• _WHAT THE EXERCISE ASKS_: Retype, exactly as written, every line from the one containing "A guest book" through the last line of the records below, both included; skip the pictures.

• _SUPPLIED INFORMATION_:
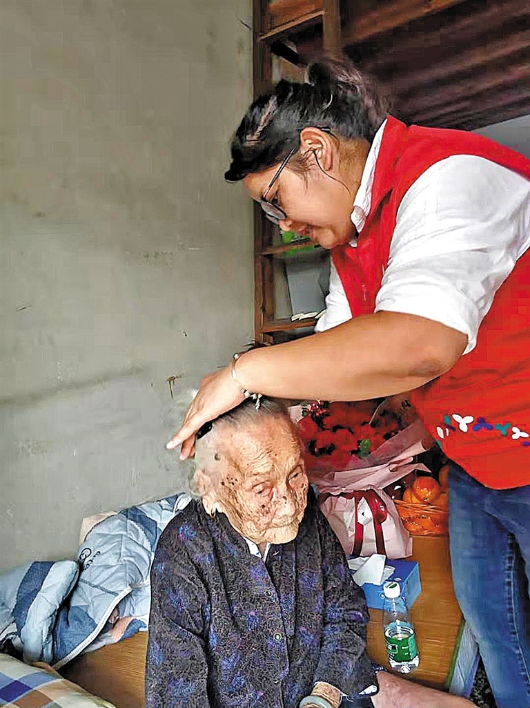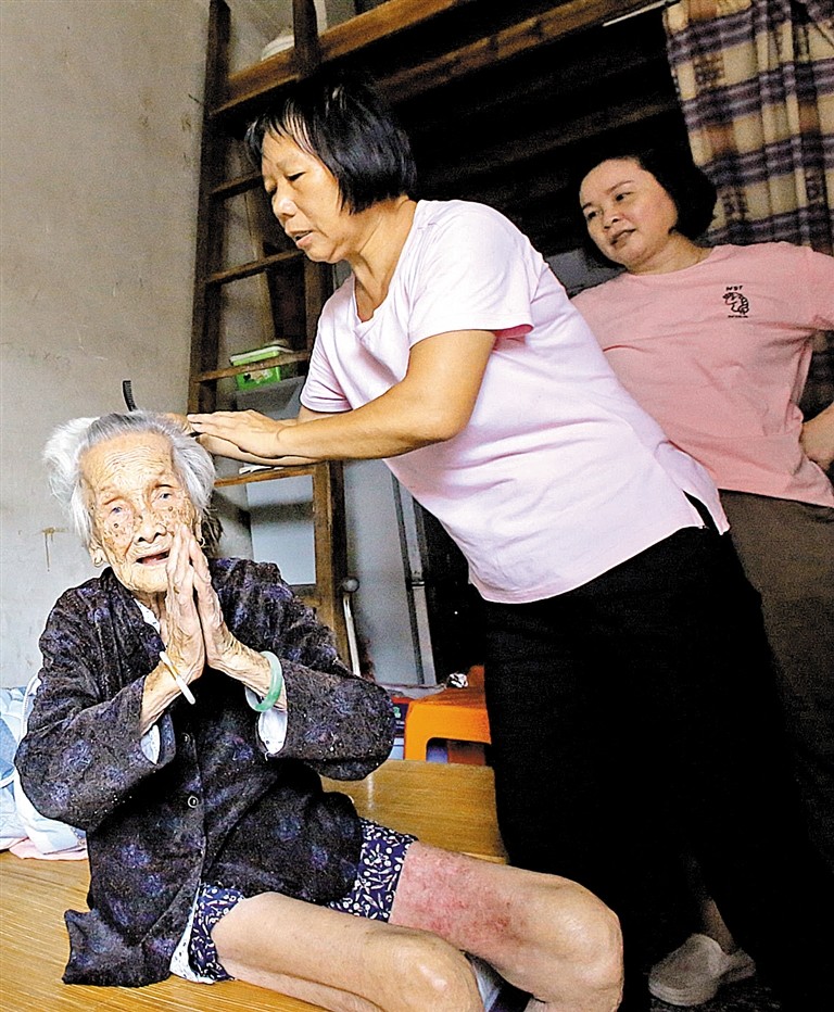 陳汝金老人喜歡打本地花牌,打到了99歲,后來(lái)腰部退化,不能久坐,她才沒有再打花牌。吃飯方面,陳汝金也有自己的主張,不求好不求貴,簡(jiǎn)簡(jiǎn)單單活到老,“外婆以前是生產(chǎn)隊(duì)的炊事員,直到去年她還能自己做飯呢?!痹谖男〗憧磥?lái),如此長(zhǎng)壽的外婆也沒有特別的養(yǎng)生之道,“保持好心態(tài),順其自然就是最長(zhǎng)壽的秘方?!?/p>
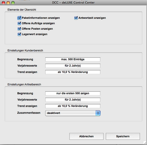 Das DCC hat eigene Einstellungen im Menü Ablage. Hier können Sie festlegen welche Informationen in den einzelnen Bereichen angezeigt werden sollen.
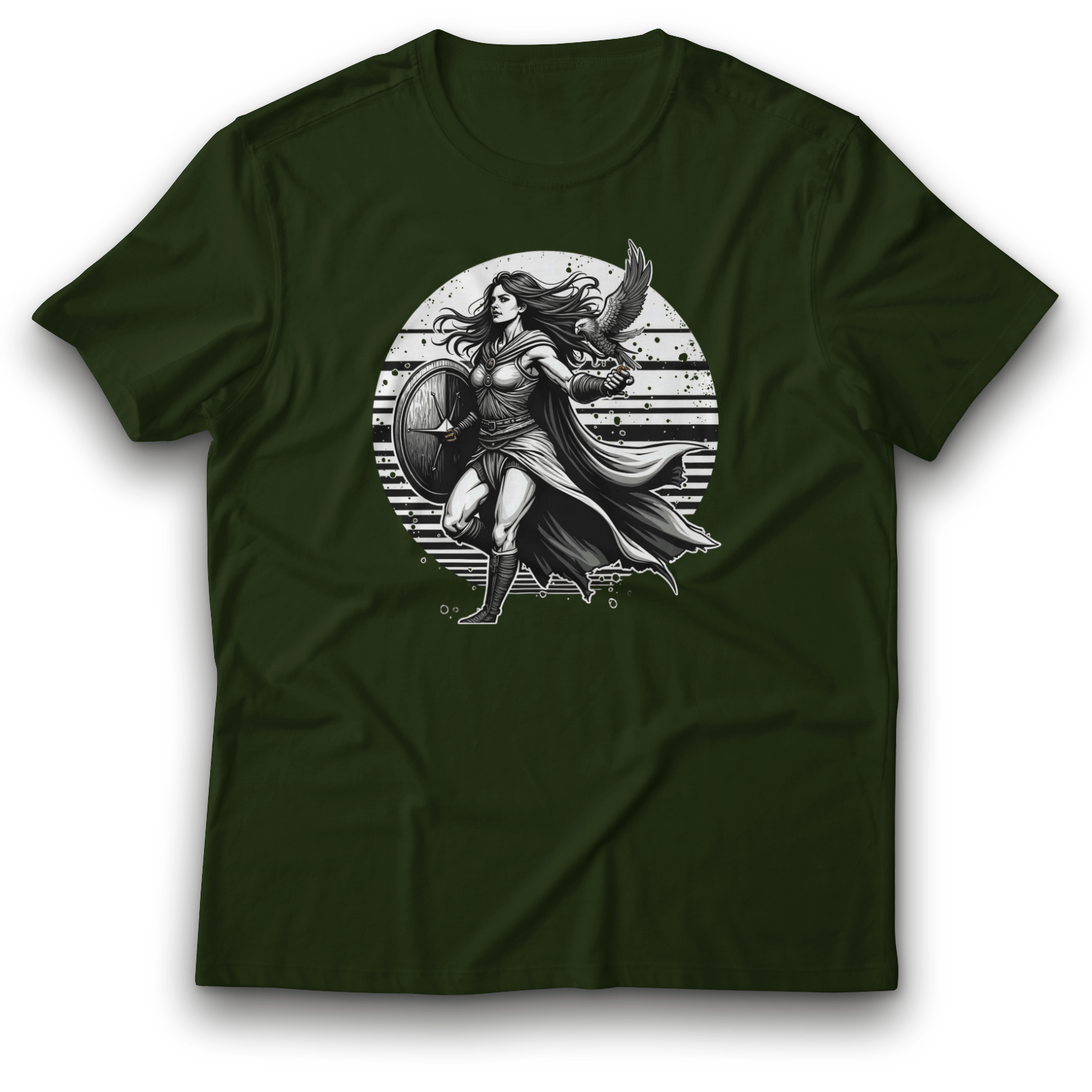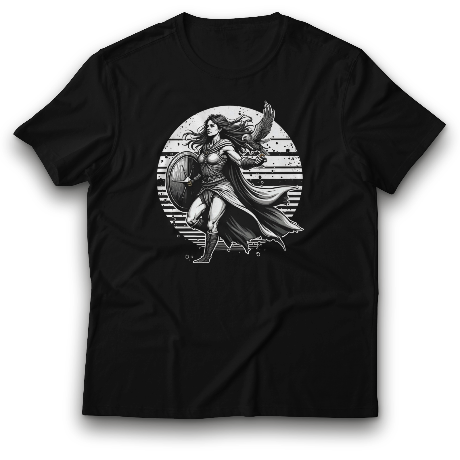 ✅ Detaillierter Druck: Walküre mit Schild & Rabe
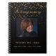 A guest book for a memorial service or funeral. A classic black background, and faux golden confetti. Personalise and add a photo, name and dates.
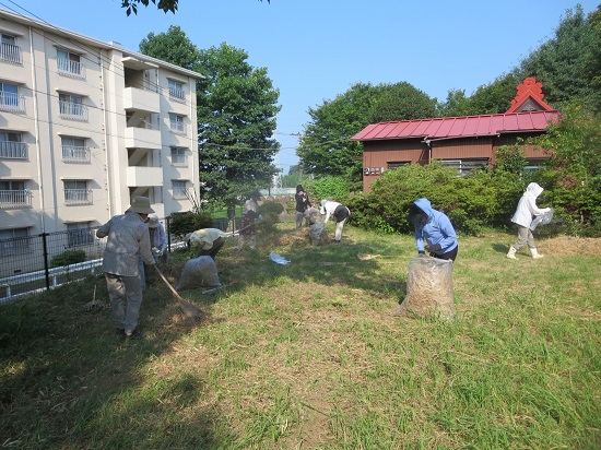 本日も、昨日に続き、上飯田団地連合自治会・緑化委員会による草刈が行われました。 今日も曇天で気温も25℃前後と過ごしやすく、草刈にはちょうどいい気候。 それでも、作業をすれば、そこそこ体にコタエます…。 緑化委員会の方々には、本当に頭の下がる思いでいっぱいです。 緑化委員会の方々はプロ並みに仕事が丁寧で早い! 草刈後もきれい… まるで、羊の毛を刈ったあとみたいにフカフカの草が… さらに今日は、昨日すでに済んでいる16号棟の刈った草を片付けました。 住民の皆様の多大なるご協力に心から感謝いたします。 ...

• _TASK RESPONSE_:
 A guest book for a memorial service or funeral. A classic black background, and faux golden confetti. Personalise and add a photo, name and dates.
 本日も、昨日に続き、上飯田団地連合自治会・緑化委員会による草刈が行われました。 今日も曇天で気温も25℃前後と過ごしやすく、草刈にはちょうどいい気候。 それでも、作業をすれば、そこそこ体にコタエます…。 緑化委員会の方々には、本当に頭の下がる思いでいっぱいです。 緑化委員会の方々はプロ並みに仕事が丁寧で早い! 草刈後もきれい… まるで、羊の毛を刈ったあとみたいにフカフカの草が… さらに今日は、昨日すでに済んでいる16号棟の刈った草を片付けました。 住民の皆様の多大なるご協力に心から感謝いたします。 ...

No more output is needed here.